Residential addresses offered different download speeds for the same price

Map: Joel Eastwood • Source: The Markup analysis of AT&T; Mapping Inequality

Redlining maps frequently tracked neatly with the disparities The Markup found.

Addresses in redlined areas of 15 cities from Portland to Atlanta were offered the worst deals at least twice as often as areas rated “best” or “desirable.” Minneapolis, which is served by CenturyLink, displayed one of the most striking disparities: Formerly redlined addresses were offered the worst deals almost eight times as often as formerly better-rated areas.

Pamela Jackson-Walters, a 68-year-old longtime resident of Detroit’s Hope Village, said she needs the internet to work on her dissertation in organizational leadership at University of Phoenix online and to virtually attend church services. The slow speeds AT&T offered were a constant annoyance.

“They still haven’t installed the high-speed internet over here,” she said. “How do we get it? Are we too poor of a neighborhood to have the better service?”

68-year-old Pamela Jackson-Walters stands in front of her red brick house.
Caption: Pamela Jackson-Walters, whose Detroit neighborhood is almost entirely Black, has endured slow internet speeds and weeks-long outages. Credit:Paul Sancya/AP Photo

Hope Village has a per capita income of just over $11,000 and is almost entirely Black.

To add insult to injury, last fall, AT&T internet service across Hope Village went down for 45 days before being restored. This summer, Jackson-Walters’s internet went down again, this time for four weeks, she said.

Jeff Jones, another longtime Hope Village resident, noted a bitter irony amid all the service problems. “To add to the insult, I can look out my bedroom window literally, maybe 150 yards, is the AT&T service facility,” he said with a weary laugh. “I’m like, please help me! You’re right there! How can you ignore this problem that is just right in front of your face?”

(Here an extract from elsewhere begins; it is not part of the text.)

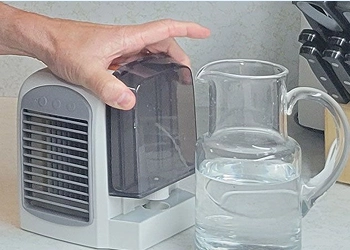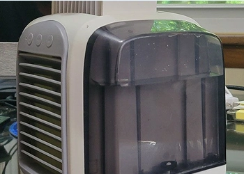 "I am surprised how this really small and portable device can cool air so rapidly. I just add cold water and power and can feel the difference in my study in just minutes. The great thing it’s lightweight – I was able to take it with me on my last camping trip!"
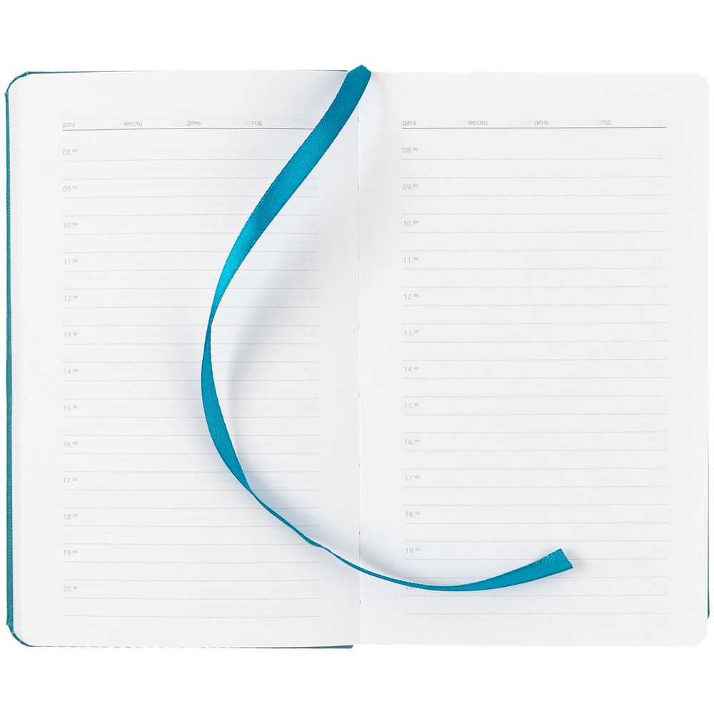 Ежедневник с твердой обложкой, выполнен из материала Brand, цвет морской волны II, дополнен ляссе в цвет обложки.

Until The Markup told Hope Village residents its findings about AT&T’s pricing practices in Detroit, they didn’t know that lower-income areas were more often asked to pay the same price for slower internet.

“That’s the big piece,” said Angela Siefer, the executive director of the National Digital Inclusion Alliance, which advocates for broadband access. “Folks don’t know that they’re being screwed.”